» **What to produce**: The material below holds pictures, which are to be left out; copy exactly the lines from the one with "6 Milé děti, dnes" through the one with "Figura 1: Coleta".

» **Supplied records**:
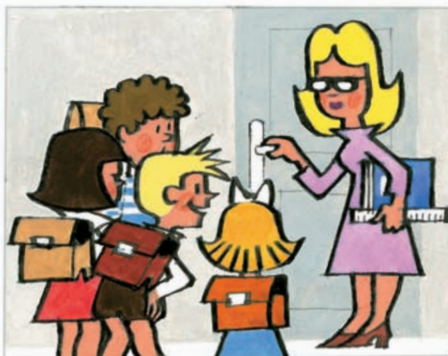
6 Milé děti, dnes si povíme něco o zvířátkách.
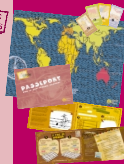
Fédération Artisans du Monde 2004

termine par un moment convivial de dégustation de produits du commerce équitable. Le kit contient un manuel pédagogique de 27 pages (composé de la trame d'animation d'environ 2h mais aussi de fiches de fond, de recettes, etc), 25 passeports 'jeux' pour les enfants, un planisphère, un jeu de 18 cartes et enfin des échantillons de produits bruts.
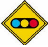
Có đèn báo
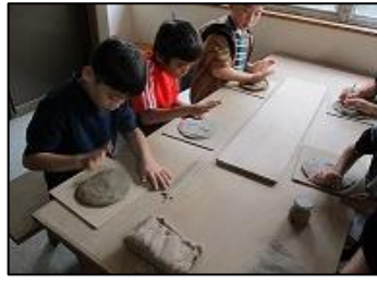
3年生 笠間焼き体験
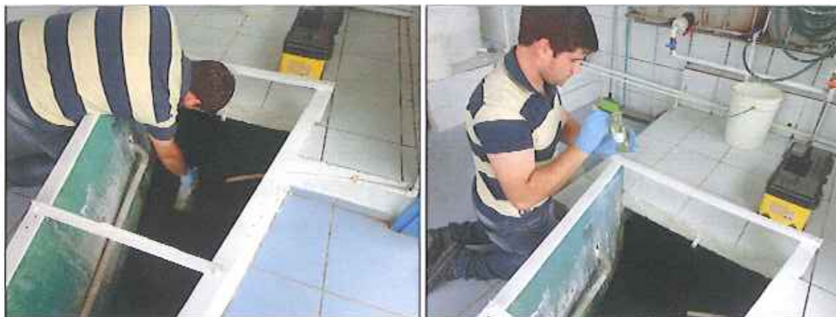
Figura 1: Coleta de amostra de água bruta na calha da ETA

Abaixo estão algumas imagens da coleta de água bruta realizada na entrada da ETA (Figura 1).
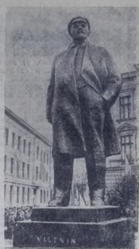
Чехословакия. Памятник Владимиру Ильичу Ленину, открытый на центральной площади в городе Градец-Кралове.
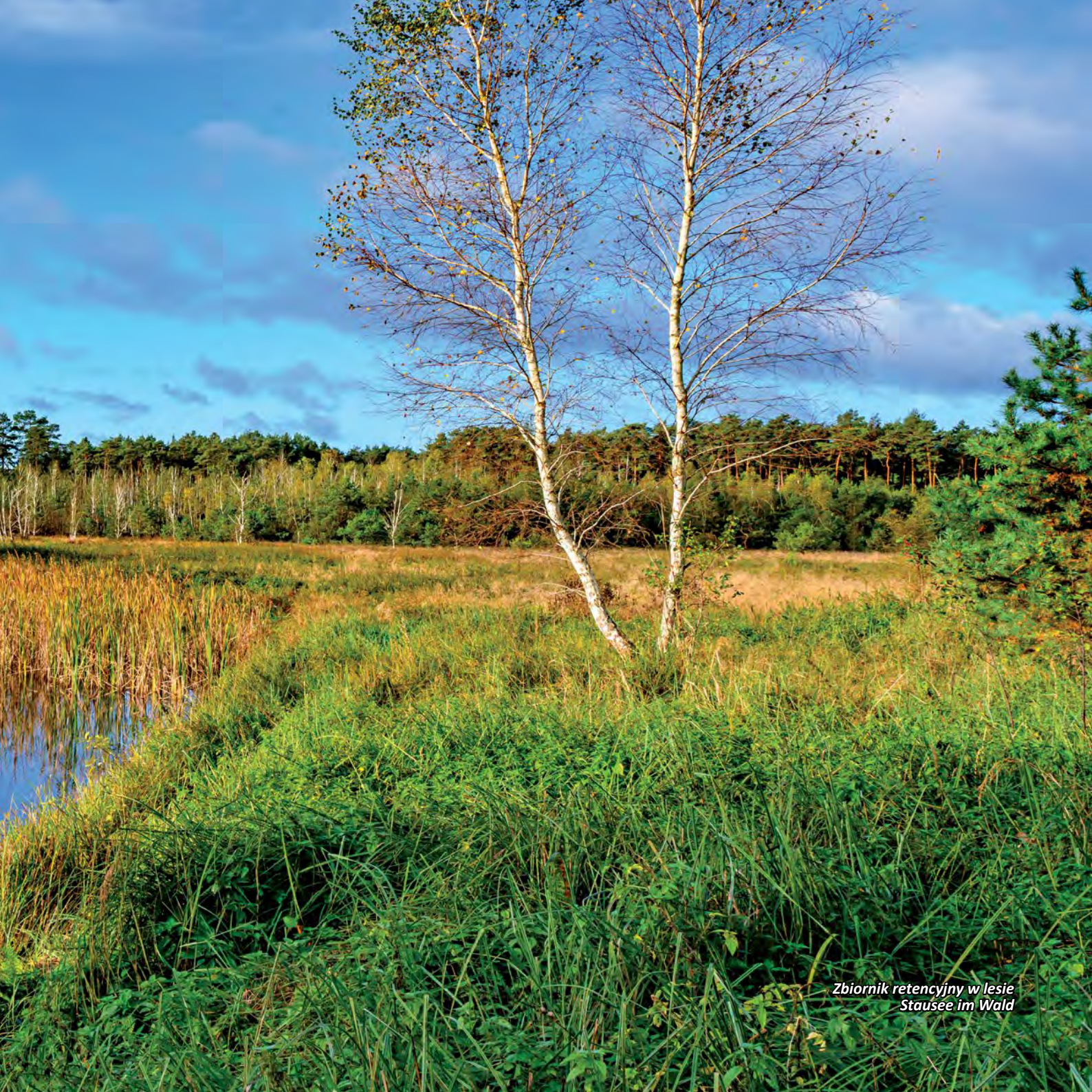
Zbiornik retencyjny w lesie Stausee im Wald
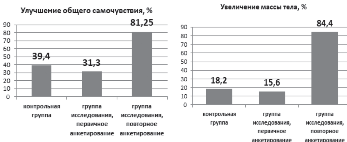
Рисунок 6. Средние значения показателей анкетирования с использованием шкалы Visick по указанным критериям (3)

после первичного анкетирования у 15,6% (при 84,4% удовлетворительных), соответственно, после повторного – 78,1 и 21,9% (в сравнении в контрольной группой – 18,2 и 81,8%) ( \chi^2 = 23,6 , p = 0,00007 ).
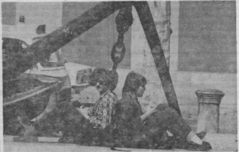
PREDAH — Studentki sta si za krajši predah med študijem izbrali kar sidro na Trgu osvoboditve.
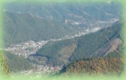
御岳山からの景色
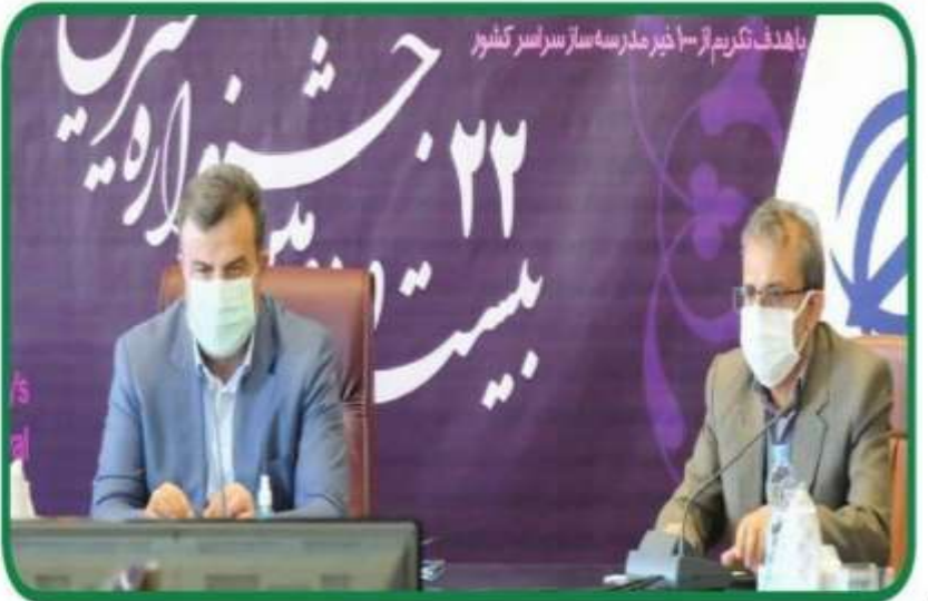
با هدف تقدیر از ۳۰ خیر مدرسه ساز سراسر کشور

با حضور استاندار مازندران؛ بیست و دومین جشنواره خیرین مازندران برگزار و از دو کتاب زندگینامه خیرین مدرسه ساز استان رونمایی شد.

==

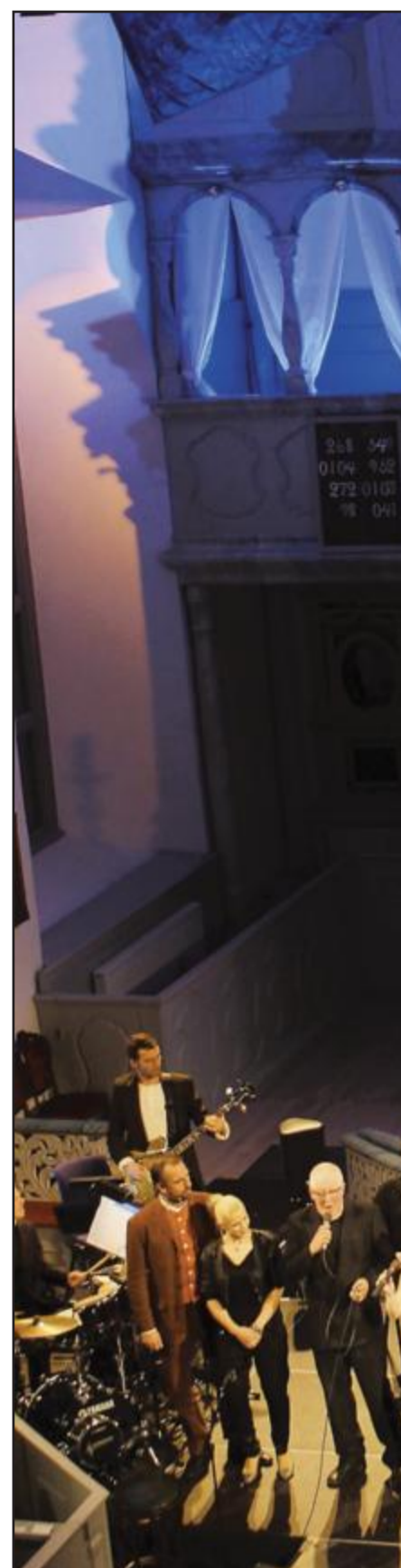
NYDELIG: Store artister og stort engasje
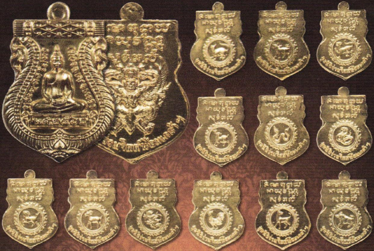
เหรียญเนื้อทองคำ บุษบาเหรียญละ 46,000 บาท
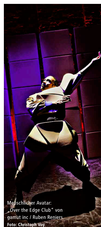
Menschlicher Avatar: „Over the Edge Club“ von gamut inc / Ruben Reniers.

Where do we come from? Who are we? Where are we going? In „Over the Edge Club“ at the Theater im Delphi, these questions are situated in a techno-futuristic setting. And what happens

» **Task result**:
6 Milé děti, dnes si povíme něco o zvířátkách.
Fédération Artisans du Monde 2004

termine par un moment convivial de dégustation de produits du commerce équitable. Le kit contient un manuel pédagogique de 27 pages (composé de la trame d'animation d'environ 2h mais aussi de fiches de fond, de recettes, etc), 25 passeports 'jeux' pour les enfants, un planisphère, un jeu de 18 cartes et enfin des échantillons de produits bruts.
Có đèn báo
3年生 笠間焼き体験
Figura 1: Coleta de amostra de água bruta na calha da ETA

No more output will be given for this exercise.